LibrarySites.Banner

Sitecore Output Cache Clearing Optimization (1/8): Introduction | John West | Sitecore Blog

This entry is the first in a series of blog posts about an approach that attempts to minimize the number of output caches cleared after publishing in the Sitecore ASP.NET web Content Management System (CMS) and Experience Platform (XP). For more information, see the Resources section at the end of this blog post.

Output caches contain the output of renderings, which can include markup, JavaScript, CSS, JSON, or any other type of data. If the cacheHtml property of a managed site (the cacheHtml attribute of its configuration/sitecore/sites/site element in the web.config file by default) is true, then Sitecore can maintain an output cache for that site. You must set the Cacheable property and potentially select the Clear on Index Update and/or VaryBy properties as appropriate for each rendering.

In general, the more output you can cache, the better your site will perform. The fewer and more general the criteria by which you cache that output, the less memory that cache will consume. You may even wish to implement most or all dynamic aspects of your solution with AJAX and other techniques rather than generating HTML dynamically. In large scale solutions, output caching can actually reduce hardware and hence licensing requirements.

By default, Sitecore uses event handlers to clear output caches. These handlers clear output caches after publishing completes and after search indexes rebuild. The disabled HtmlCacheClearAgent in web.config provides an alternative to this event-based approach, and as in this custom solution, you can invoke the relevant APIs to clear caches as needed.
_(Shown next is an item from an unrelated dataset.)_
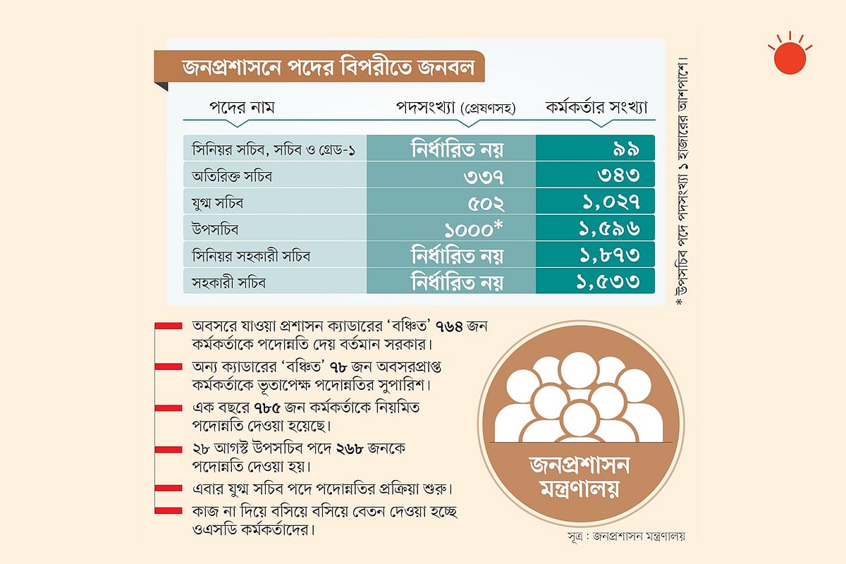 ২০২২ সালের ৩ অক্টোবর প্রথম আলোতে ‘পদ নেই, কাজও আগের, তবু তাঁদের পদোন্নতি’ শিরোনামে একটি প্রতিবেদন প্রকাশিত হয়। এতে পদসংখ্যার বিপরীতে বাড়তি কর্মকর্তা কত, সেই চিত্র তুলে ধরা হয়। তৎকালীন জনপ্রশাসন প্রতিমন্ত্রী ফরহাদ হোসেন অবশ্য পদোন্নতির পক্ষে কিছু যুক্তি তুলে ধরেছিলেন। যুগ্ম সচিব পদে নতুন করে পদোন্নতি দেওয়ার প্রক্রিয়ার কথা জানাতে গিয়ে তিনি প্রথম আলোকে বলেছিলেন, কর্মকর্তারা অবসরে যাওয়ায় প্রতিনিয়তই ওপরের পদগুলোতে জনবল কমতে থাকে। আর যুগ্ম সচিব পদটি বেশি প্রয়োজন। প্রকল্পসহ সরকারের কাজও বেড়েছে। এ জন্য যুগ্ম সচিব পদে অন্তত ১০০ জনের মতো বেশি জনবল রাখতে হয়। কারণ, অনেকে শিক্ষাছুটিতে থাকেন, অসুস্থ থাকেন।

Sitecore actually provides two handlers for the two different types events. For the publishing:end and publishing:end:remote events, the HtmlCacheClearer event handler clears the output caches for the sites specified in the event handler definition. For the indexing:end and indexing:end:remote events, the IndexDependentHtmlCacheManager event handler trawls the output caches for all managed sites to remove entries with cache keys that contain "_#index", which Sitecore includes in cache keys when you set the Clear on Index Update property of a rendering.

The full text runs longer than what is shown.